Farmhouse on the Moor
We spent the next several hours driving through vistas at warp speeds (at least in my estimation) along narrow, winding roads to our next rental destination, an isolated farmhouse just south of Inverness. It was solidly anchored on the crest of a grassy knoll surrounded by undulating rounded hills on all sides where meadows gave way to stunted undergrowth of heather, not yet in bloom. In the distance there was a farmstead with a herd of cattle munching its way across an emerald green, steeply-sloping pasture. The long laneway snaking its way up to the house was lined with a massive profusion of bright yellow blossoms bursting out of thick hedges called Broom.
The house interior was tastefully decorated and furnished with every modern convenience, but designed to look old fashioned. It was filled with shelves of books, the walls hung with paintings and amateur photographs taken by family members. Comfortable chairs were arranged around the fireplace. The bedrooms were large, bright, and comfortable. It felt like home.
Wandering leisurely across the Moor for several hours at a stretch helped to give us a sense of what it was like to live an isolated existence for one’s whole life. Occasionally a frantic rabbit would race by, and several alert deer kept a wary eye on us from time to time before disappearing into the underbrush. On one occasion a cattle farmer drove his truck into a nearby field, to tend to his fences. Otherwise there was utter silence across the expansive Highland valley.
The front lawn’s shady hammock proved to be the ideal place for Bruce to read, or to observe the ever-changing weather patterns swirling across the wide valley below the farmhouse. One moment of brilliant sunshine was soon followed by heavy patches of dark cloud and a touch of drizzle before the sunlight re-appeared. Bruce also discovered the joys of rural hiking into the lonely hills, to soak in the silence and beauty of the countryside. He surprised all of us by expertly preparing some of the farmhouse meals. No, wild rabbit was not on the menu. The backyard lawn chairs were a perfect setting for my kids to uncork the champagne to celebrate my “coming of age”.

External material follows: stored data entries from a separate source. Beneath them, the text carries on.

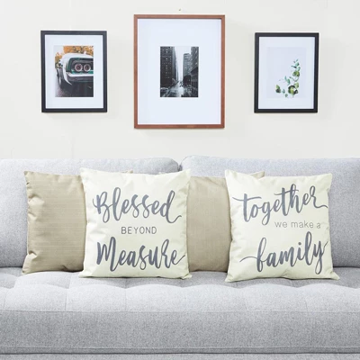 - Farmhouse Pillow Covers: Easily refresh your home decor with this set of decorative throw pillow covers; features “Blessed Beyond Measure” and “Together We Make a Family” printing that will be the perfect addition to any bedroom, couch, sofa, chair, patio, or car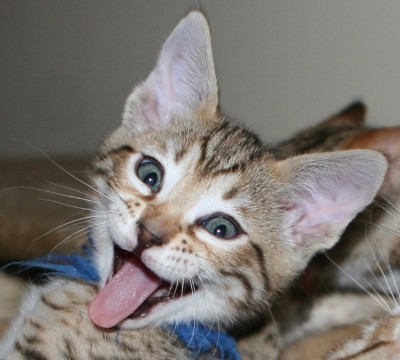 Am Anfang unserer Zucht haben wir die Meinung vertreten, dass ein Züchter, wenn er nur einen Wurf hat, sich besser um die Bengalkitten kümmern kann. Das ist falsch! Durch unsere jahrelange Erfahrung haben wir gelernt, dass die Kitten gegenüber Mensch und Tier wesentlich besser sozialisiert werden, wenn mehrere Würfe gemeinsam da sind. Wir versuchen daher immer zwei oder drei Würfe zusammen zu bekommen. Das ist natürlich nur machbar, wenn die Natur mitspielt. Wenn Sie uns besuchen, werden Sie sehen, wie einmalig anhänglich unsere Bengalen sind - sowohl Zuchtkatzen als auch Bengalkitten.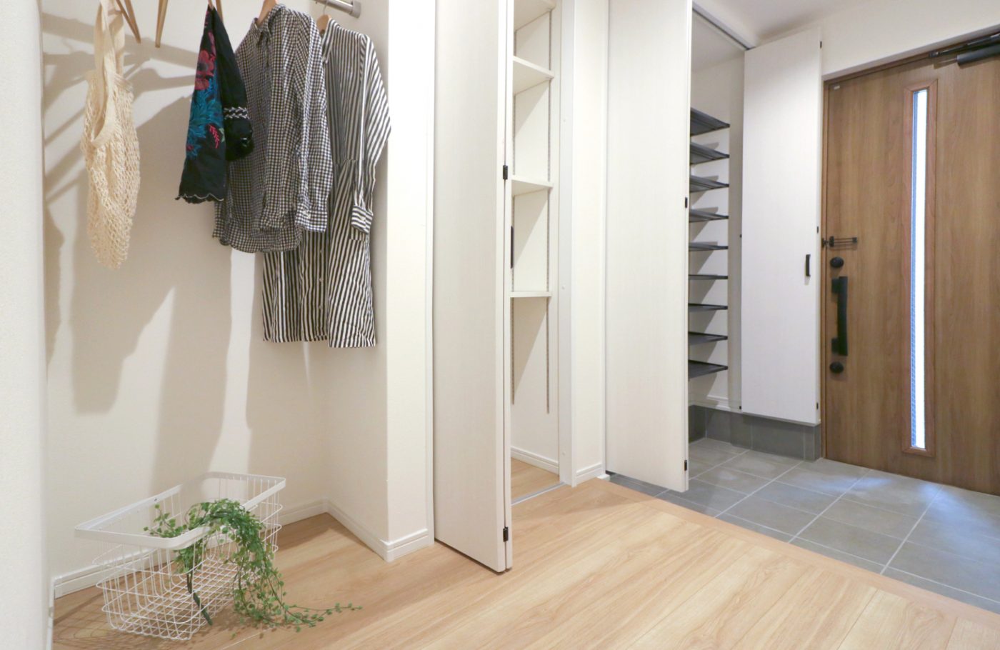 よく使う場所に収納場所があることで、細かい時短ができ、貴重な時間を拾い集めることができます。例えば玄関、シューズクローゼットの他に、クローゼットとハンガーがあり、外出時に使うもの(コートや帽子、だっこ紐 等)をしまうことができます。また、収納場所に迷うもの、Wifiルーターや掃除機の充電などの収納場所を用意しました。適材適所に収納があることで、空間もすっきりし、時短ができます。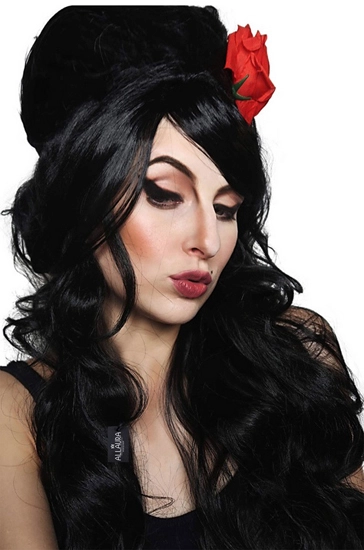 Fancy dress party wig of the irrepressible Amy Winehouse Rehab Babe high quality ‘Allaura brand’ teased beehive and dark brown/black curls tumbling down to the shoulders and back.

Soon it was time to make our way back to Edinburgh via Inverness and Perth, the wealthiest region of Scotland. We spent our final night in at a luxury hotel, compliments of Valerie. From the moment we exited the taxi, where I was greeted by a kilted doorman holding an umbrella over my head, it was all first class. To think that before dinner drinks in the sumptuous lounge cost more than two months’ room and board at Teachers’ College! But, in fairness, that was 60 years ago.